The wife of a former New York Yankee funds a Chelsea home for victims of domestic abuse
The wife of a professional baseball player from Childersburg – who was a former teammate of Derek Jeter with the New York Yankees – has funded the renovation of a home for victims of domestic abuse in Shelby County.
Ashley Wheeler, who said she grew up in a home where her father physically abused her mother, has set up the A2Z Hope Foundation to help those who may be suffering through similar circumstances.
The foundation supports the prevention and awareness of domestic violence and has funded the renovation of a home called Ashley’s House at the King’s Home in Chelsea. It will house up to eight girls.
“It’s a house I wanted to invest in for young women who have been in abusive homes like I was,” Wheeler said. “My Mom’s a domestic abuse violence survivor. We had to bounce around to shelters to stay away from my abusive father.”
The home she’s sponsoring is a far nicer environment than any of the shelters she stayed at in Tennessee when she was a girl, she said. “We were cramped in a small space and we had to wake up and get ready for school in front of the other kids staying there,” Wheeler said. “We didn’t have a space of our own, but it was a safe place to escape the situation.”
The home now called Ashley’s house has private rooms and a scenic balcony overlooking a lake on the grounds of the King’s Home campus in Chelsea.
Wheeler said she hopes to meet and spend time with some of the girls who live in the house. It will be part of her own healing process, she said.
“Even as a grown woman, I feel trauma,” Wheeler said. “I deal with anxiety. Helping these girls is helping me heal. That’s part of why I’m doing this.”
As a child, she watched her father repeatedly beat her mother, once hitting her so hard that he knocked her teeth out, in front of Ashley and her brothers.
“That went on for years,” Wheeler said. “He finally left and never came back.”
Her mother took the children and moved near her family in Childersburg when Ashley was about 13 or 14. Enrolled at Childersburg High School, Ashley became an athlete, playing basketball and softball. She met and began dating her future husband when she was a freshman, and he was a sophomore.
“We were high school sweethearts,” she said. “He was a good athlete, like I was.”
Her husband, Zelous Wheeler, plays professional baseball in Japan for the Yomiuri Giants, after having his Major League debut in 2014 with the New York Yankees as a teammate of Derek Jeter in Jeter’s last season. Wheeler hit a home run in his first Major League game on July 3, 2014, after being called up from the minor leagues. He was on the field celebrating as Jeter got the game-winning hit in the bottom of the ninth inning in his last game at Yankee Stadium on Sept. 25, 2014.

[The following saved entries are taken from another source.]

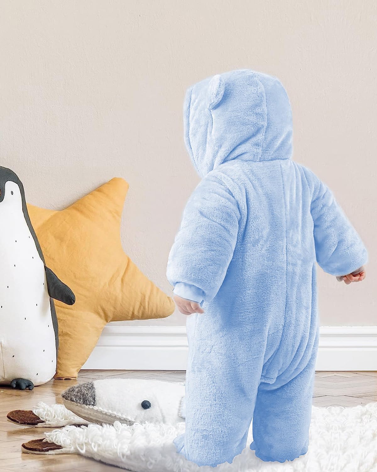 ♥【100% Soft And Warm Flannel】: The baby romper is made of high quality material, soft to the touch and harmless to your baby’s skin. Baby winter onesie with hood. Cotton and polyester. Thick enough to keep your baby warm on cold days.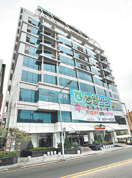 정윤재 전 대통령의전비서관과 각별한 사이로 알려진 부산지역 건설업자 김상진 씨가 실소유주인 I기업 사무실이 있는 부산 금정구 부곡동 A타워. 부산=최재호 기자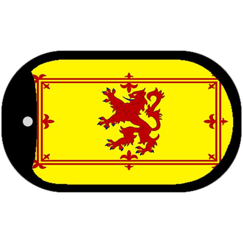 Scotland Rampant Lion Flag Scroll Metal Novelty Dog Tag Necklace DT-494. 1" x 2" dog tag kit including 15" silver chain and silencer. Made of the highest quality aluminum for a weather resistant finish. It is lightweight and durable. Proudly made in the USA.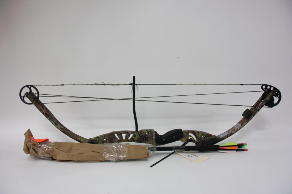 Get a great deal with this online auction presented by PropertyRoom.com on behalf of a law enforcement or public agency client. Model: unknown Color: Camoflauge Bow Length: 37in Draw Length: unknown Draw Weight: unknown Draw: Right Hand Accessories: Arrows Cosmetic Condition: Good Condition, visibly worn, has scratches and is a little dirty. Shipment by PropertyRoom to any jurisdiction does not mean this item is legal in such jurisdiction. It is your responsibility to have knowledge of, obey, or comply with all applicable laws relating to this item.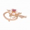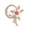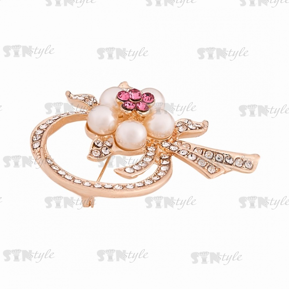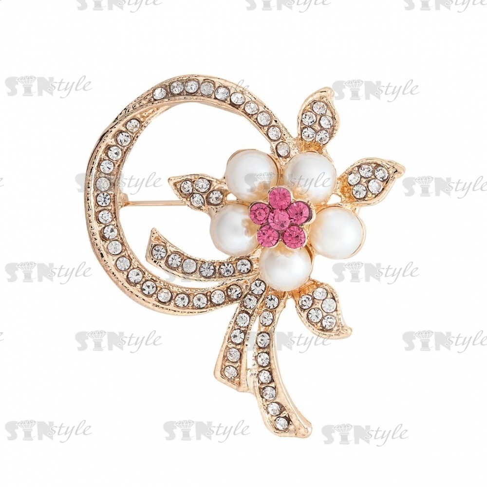 Брошь металлическая со стразами, застежка булавка, цвет золото+белые/розовые стразы, белые бусины, размер 48х56 мм

Ashley was at Yankee Stadium that night too, watching from the stands. “It was amazing, like a dream,” she said. “The crowd was wild. The players all rushed out on the field, greeting Jeter. Zelous kept jumping up, saying, ‘Wow.’”
Jeter is now in the Baseball Hall of Fame. Wheeler moved to Japan the next year and has had a successful career there since 2015.
In 2017, he had his best season for the Tohoku Rakuten Golden Eagles, batting .271 with 31 home runs and 82 RBI. After that season, he signed a two-year contract extension worth about $3.5 million.
Having a baseball career in Japan is not easy for her husband, Ashley Wheeler said.
“He did have to learn to speak Japanese,” she said. “He does pretty good.”
It’s also hard on family life, since the Nippon Professional Baseball season in Japan lasts from March through the end of October. He returns to Alabama in November for the off-season.
“He hates the sacrifices he has to make for his family, not being there for our son,” she said. “But he says he’s going to play until he has to crawl off the field. He loves it.”
Their son, Zethan, 7, attends Chelsea Park Elementary School.
Ashley said her husband is supportive of her foundation. “He was very happy about it and proud of me,” she said. “He knows my childhood trauma.”
She remains close with her mother, and has a relationship with her father, who she said is now sorry for his years of abuse. “He apologizes and tries to make up for it,” she said.